REQUIRED ACTION -> The pictures in the listing below are to be skipped, while the lines between the line holding "TE 产品编号2-2437439-7 MQS,TERMINAL,STIFTE MAGAZ" and the line holding "Le président Tebboune accorde", inclusive, are to be output exactly.

DATASET EXTRACT ->
►

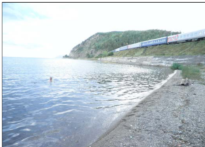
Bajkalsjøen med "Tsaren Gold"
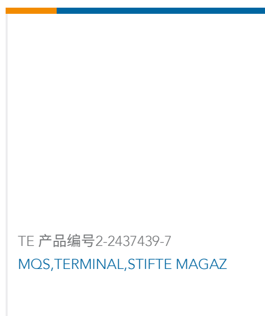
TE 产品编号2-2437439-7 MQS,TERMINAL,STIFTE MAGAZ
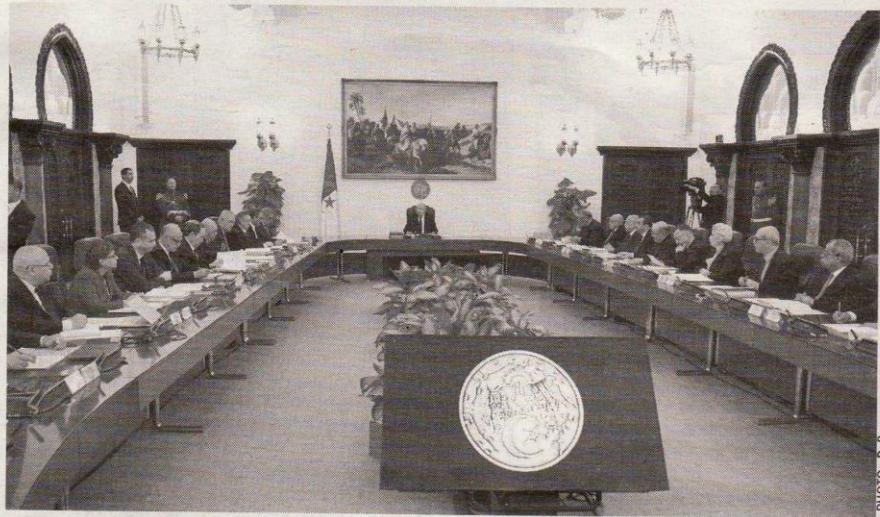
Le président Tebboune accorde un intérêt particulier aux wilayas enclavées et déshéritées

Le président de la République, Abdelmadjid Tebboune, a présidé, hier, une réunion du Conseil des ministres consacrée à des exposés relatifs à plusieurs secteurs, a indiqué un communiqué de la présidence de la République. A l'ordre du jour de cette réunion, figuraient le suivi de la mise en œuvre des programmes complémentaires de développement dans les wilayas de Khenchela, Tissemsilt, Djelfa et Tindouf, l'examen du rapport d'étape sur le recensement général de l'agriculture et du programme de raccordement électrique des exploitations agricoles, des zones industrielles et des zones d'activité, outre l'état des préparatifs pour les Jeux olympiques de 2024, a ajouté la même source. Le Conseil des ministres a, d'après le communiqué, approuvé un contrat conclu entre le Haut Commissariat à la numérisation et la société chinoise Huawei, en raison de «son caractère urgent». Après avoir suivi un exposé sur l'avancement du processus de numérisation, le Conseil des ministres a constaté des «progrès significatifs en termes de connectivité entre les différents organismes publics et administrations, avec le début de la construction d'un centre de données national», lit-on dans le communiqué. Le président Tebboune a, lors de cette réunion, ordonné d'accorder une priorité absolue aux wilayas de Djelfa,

◄

TASK OUTPUT ->
TE 产品编号2-2437439-7 MQS,TERMINAL,STIFTE MAGAZ
Le président Tebboune accorde un intérêt particulier aux wilayas enclavées et déshéritées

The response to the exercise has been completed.